Huge +1, I think most solvers need to have some resource limits in place as the runtime can explode. I am just not 100% what is the best approach here, putting a global limit on the solver instance vs having a limit per query. Any thoughts on that?

This revision is now accepted and ready to land.Jun 12 2023, 10:55 AM

Huge +1, I think most solvers need to have some resource limits in place as the runtime can explode. I am just not 100% what is the best approach here, putting a global limit on the solver instance vs having a limit per query. Any thoughts on that?

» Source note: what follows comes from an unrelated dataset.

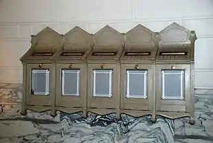 Dans le vestibule du fond se trouve une rangée de cinq boîtes aux lettres de style Art nouveau.

Excellent question. Ultimately what matters for a user is the global limit. So, in that sense, a global limit makes sense. But, it also makes it harder (in principle) to pinpoint the problem, because you could have it timeout on a small query right after a large query that was actually responsible for consuming the resources. That said, I'm guessing in practice it's binary, because of the exponential: either a single call exhausts all resources or it barely uses them. I suspect we'll ~never hit the case I described. So, I'm inclined to start global (to keep it simple) and then refine if necessary. As you probably noticed, this patch actually has both -- the user specifies the global limit, but the implementation is local. So, changing this would be easy.

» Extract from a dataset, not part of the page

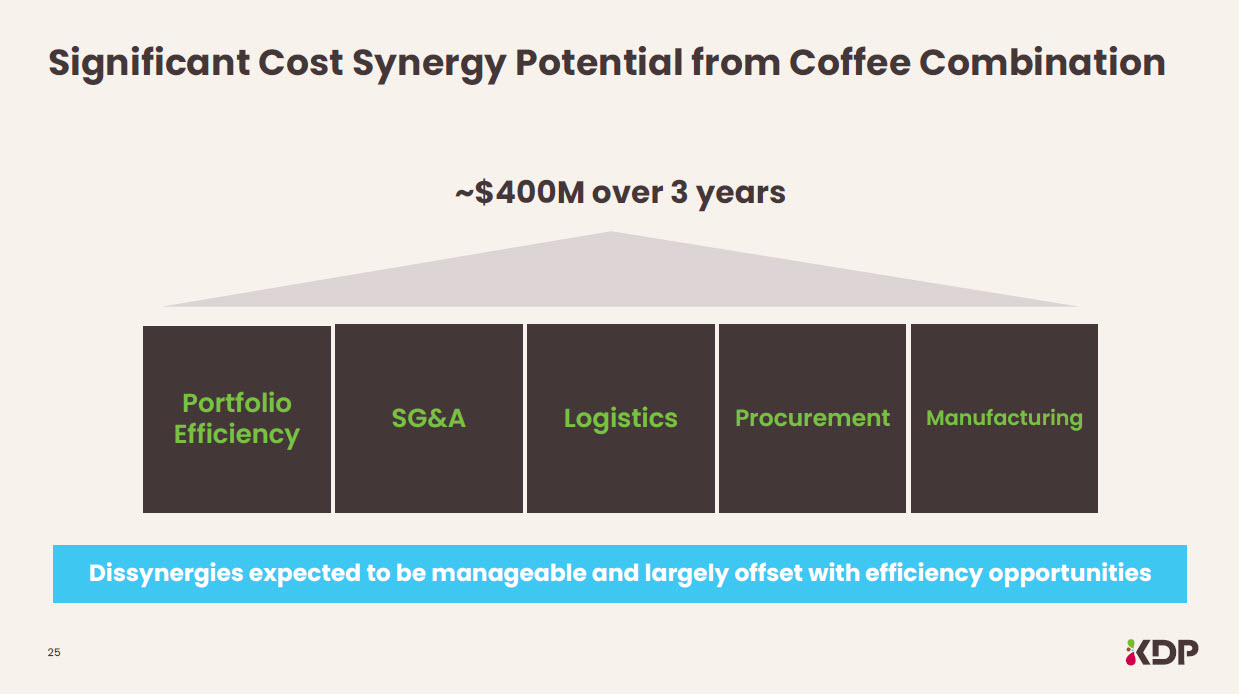来自咖啡组合的显着成本协同潜力~4亿美元3年内不协同效应预计

That said, I should note that it's not global for a TU - just for a function, at least given the way we currently implement our clang-tidy checks. So, that seems a reasonable compromise.

WDYT?

kinu added a comment.Jun 12 2023, 11:09 AM

LGTM as well, I was initially thinking about having a local limit per query (which could be easier to pinpoint the particular query that explodes), but per-solver instance limit could make sense as a starter too.

Ultimately what matters for a user is the global limit.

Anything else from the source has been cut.